I am very impatient. In traffic. With children. And with life. I want it all now, and then some. I'm ambitious to a fault and nothing is ever good enough. Here is where my conundrum lies...nothing is ever good enough.
I always question myself, second-guess is more like it, wondering if I've made the right life choices: Career-wise, Relationship-wise, Family-wise and Friendship-wise. I've asked myself if I will ever be satisfied 100% with everything, and I'm not sure I ever will be. I'm always striving for bigger and better. Wondering how my life would be if I were elsewhere.
Career wise, I wish I knew what was in store. I know I eventually want to be my own boss. This takes time. Time, which I am impatient for. As much as I would like to think that all of my career moves have been calculated, I can't help but wonder if I am just buying stock in the not-completely-satisfied market. My friend Jaime put it eloquently in a post here, that got me thinkin'. Am I clouding my resume with things that don't support what I really want to do in life? Or more importantly...what do I WANT do to in life?
I know I want the freedom to write. I want the freedom to be creative. I want the glitz and glamor. I also want to help people. I want to make my mark and have people know my name. I want to be comfortable in my assets and be able to make my own work schedule. I would like to be girly and have great associates. And I would like a fair shot at fame. Shallow? Maybe, but it's something that has always been at the back of my mind.
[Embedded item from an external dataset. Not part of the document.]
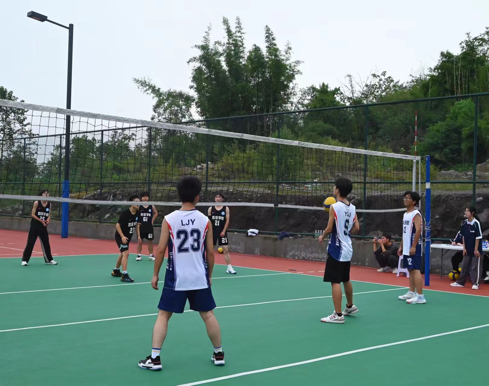 经过之前的排球比赛,队员们获得了更多的实战经验,在比赛开始前,高声呼喊必胜的口号,排球队内洋溢着灿烂的笑容。握手后,随着裁判的哨声比赛正式开始,以一颗精准无比发球,拉响了比赛的号角,球员们紧密配合、相互传递,随着比赛的进行,队员们反而更加沉稳,在网前博弈着、在中场防守着、在队伍间不断穿梭着,激烈而又迅猛,在一颗颗球的落地中奠定了胜利的基础。

I'm all about accomplishments. One of my greatest accomplishments to date is the screenplay that I wrote when I was 13. I finished writing an entire movie. Granted, I read it now and wonder what I was thinking, but that's besides the point. I FINISHED it. I make a daily "To Do" list and a huge smile runs across my face when I cross things off. It's the greatest feeling.
I would like to think that I am not settling in any aspect of my life but I can't help to wonder "what if..."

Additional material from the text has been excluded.